I have 5 wildlife mounts that need a safe home for display. 
I am not at the point where I am ready to sell of give up full ownership. 
But need a safe, hands off location for LONG TERM display of my mounts. 
I have two Michigan White tail a 5 and a 6 point, two Wild Boar, and a Black Bear mount (half body) that need a safe home.


----------



## taxidermist72 (Oct 24, 2010)

if you have a local hunting or fishing store they may be more than happy to display them. Try Gander mountian, cabelas, or a local bait shop....


----------



## DFJISH (Mar 30, 2009)

taxidermist72 said:


> if you have a local hunting or fishing store they may be more than happy to display them. Try Gander mountian, cabelas, or a local bait shop....

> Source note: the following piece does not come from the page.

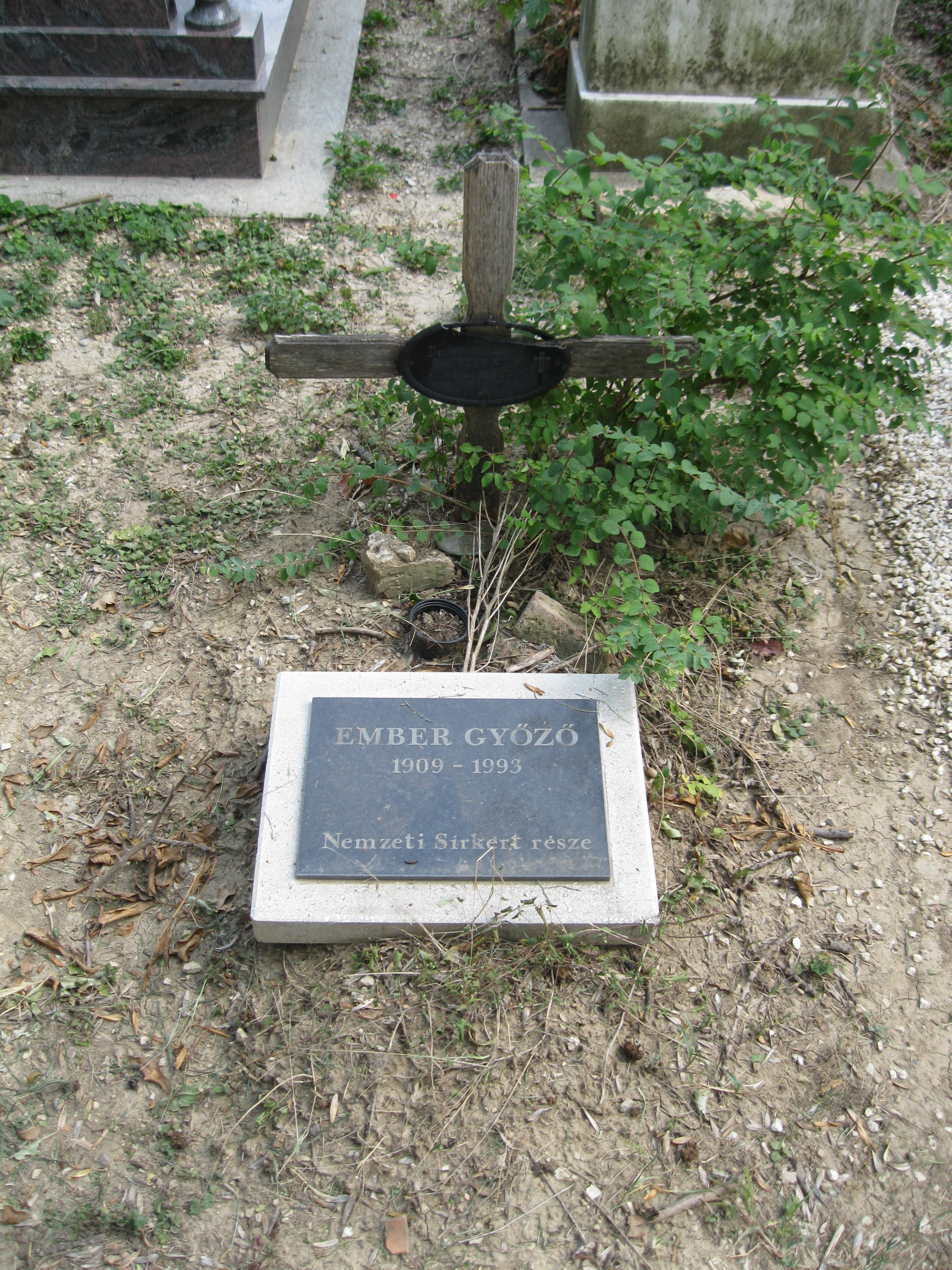 Tomb of Győző Ember in Farkasréti Cemetery [7/6-1-71].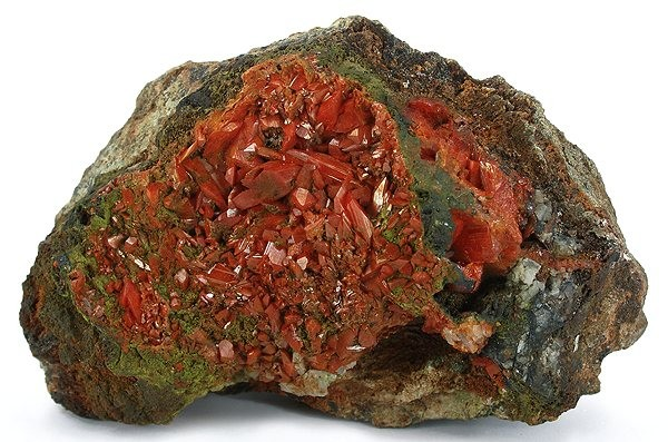 Crocoite, Vauquelinite Locality: Berezovskoe Au Deposit (Berezovsk Mines), Berezovskii (Berezovskii Zavod), Ekaterinburg (Sverdlovsk), Ekaterinburgskaya (Sverdlovskaya) Oblast', Middle Urals, Urals Region, Russia (Locality at ) Size: 11.5 x 7.1 x 6.0 cm. This large specimen is an excellent, important example of crocoite from the type locality for the species. Note the robust, sharp, stereotypic crystal habit so different from that which we normally see in the far more common Australian material. These stand out, dramatically, from most crocoite you will see from Australian localities. The crystals are to 1.4 cm, on matrix. Also, you have rich pistachio-green druse of the very rare phosphate-chromate Vauquelinite all over the specimen. Discovered in the early 1800s, these are some of the oldest well-studied lead mineral species and both are lead chromates. Ex. Ed N. Harrison Collection.

Those are some good suggestions. The big ones (Cabelas and GM) are _super selective_ about what they display and own almost all of the fish and game they show.
If you deal with a local bait shop/sporting goods store you should have a WRITTEN agreement so it is clear that *YOU own* the mounts. Also, it would be preferrable if the mounts are displayed OUT OF REACH of viewers/customers. Been here done that. Mounts can be moved (and come up missing) during store remodeling or damaged when people try to move them to see them better. Allowing your mounts to be displayed in any public place is going to put them at risk, and you really need to take steps to insure their safety frorm theft and/or damage. Good luck.


----------



## Big Buck (Feb 8, 2000)

I know for sure Cabelas will not let you, I was involved with having Michagin mounts in there and they will not allow it, real long story. Gander will if the have room I have a few at Novi Gander, talk to a manager and be ready to sign your life away they do not want any responsability of the mounts.

How long do you need them stored for? I have some room you could use if needed. 

Good luck


----------